Allineamento ISTAT 2021 e impatti operativi su comunicazioni obbligatorie e requisiti di accesso alle prestazioni pensionistiche anticipate

giovedì 11 giugno 2026

Il messaggio INPS n. 1808 del 29 maggio 2026, pubblicato da INPS, aggiorna il quadro di riferimento delle professioni rilevanti ai fini dell’accesso ad alcune prestazioni pensionistiche, allineandolo alla nuova classificazione ISTAT 2021.

L’intervento riguarda in particolare l’APE sociale, la pensione anticipata per i lavoratori precoci, la pensione di vecchiaia e la pensione anticipata con disapplicazione dell’adeguamento ai requisiti legati alla speranza di vita. Si tratta quindi di un aggiornamento che ha impatto diretto sia sui lavoratori sia sulle imprese, chiamate a garantire una corretta classificazione delle mansioni nelle comunicazioni obbligatorie.

La nuova classificazione ISTAT delle professioni (CP2021), già adottata dall’Istituto statistico nazionale dal 2023 e recepita nelle comunicazioni UNILAV a partire da aprile 2025, sostituisce progressivamente il precedente impianto CP2011, attraverso apposite tabelle di raccordo.

Il messaggio INPS chiarisce in particolare la corrispondenza tra alcune categorie professionali e i nuovi codici ISTAT. Gli “Addetti all’assistenza personale” risultano ora ricondotti al codice CP2021 5.5.2.3.0, con rilevanza per le prestazioni pensionistiche dei lavoratori precoci e per alcune tipologie di pensione anticipata. Le “Professioni qualificate nei servizi personali ed assimilati” vengono ricondotte al codice CP2021 5.5.2, con impatto sull’accesso all’APE sociale. Infine, gli “Operatori della cura estetica” sono ricondotti al codice CP2021 5.5.1, anch’essi rilevanti ai fini dell’APE sociale.

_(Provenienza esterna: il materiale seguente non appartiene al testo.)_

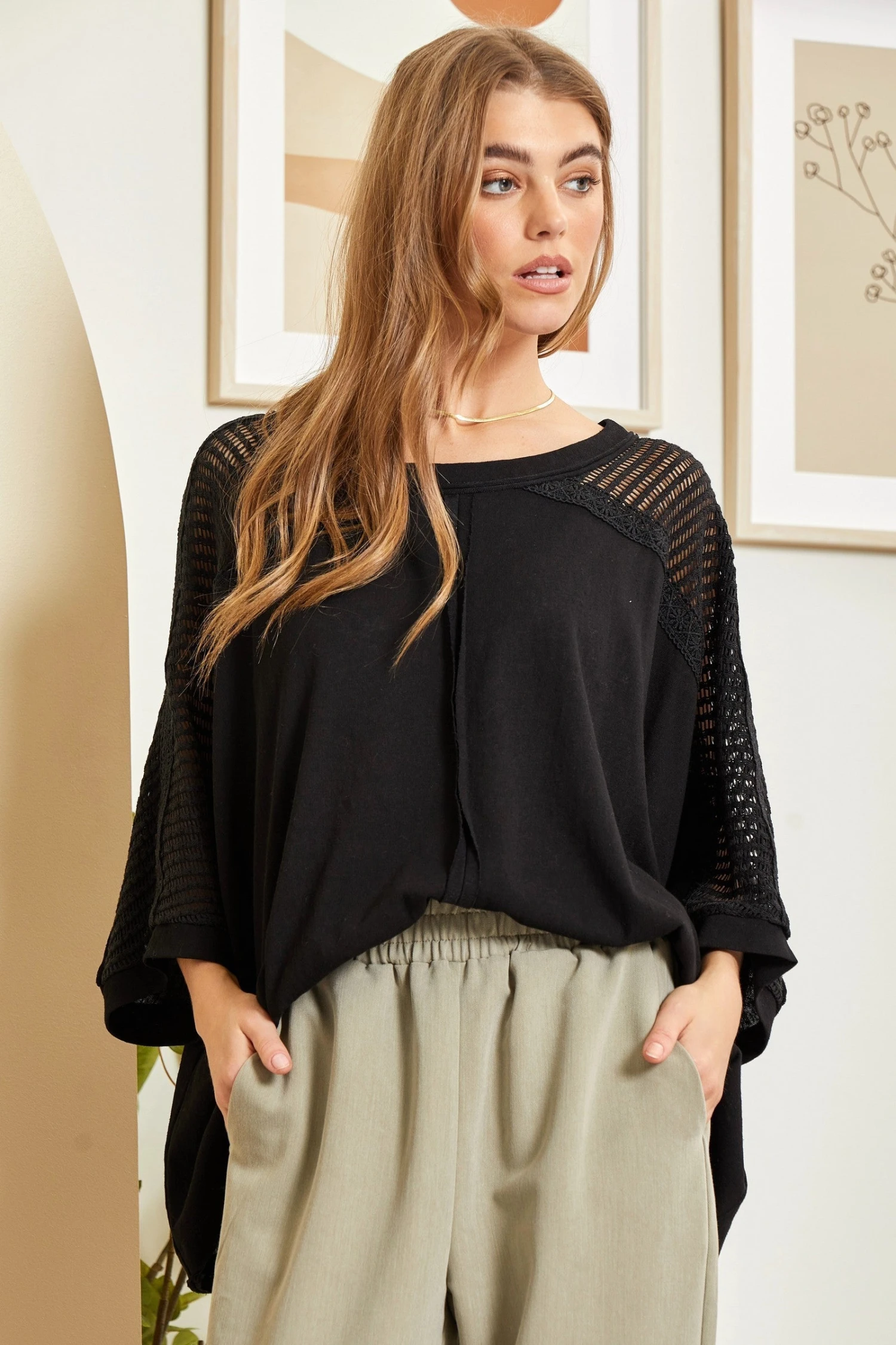Features: Round Neck, Short Sleeves, Crochet Detail

Per le imprese, l’elemento centrale riguarda la coerenza tra mansione effettiva e codice professionale indicato nelle comunicazioni obbligatorie, poiché tali dati vengono utilizzati dal Ministero del Lavoro per la verifica delle condizioni di accesso alle prestazioni, trasmesse successivamente all’INPS ai fini del riconoscimento.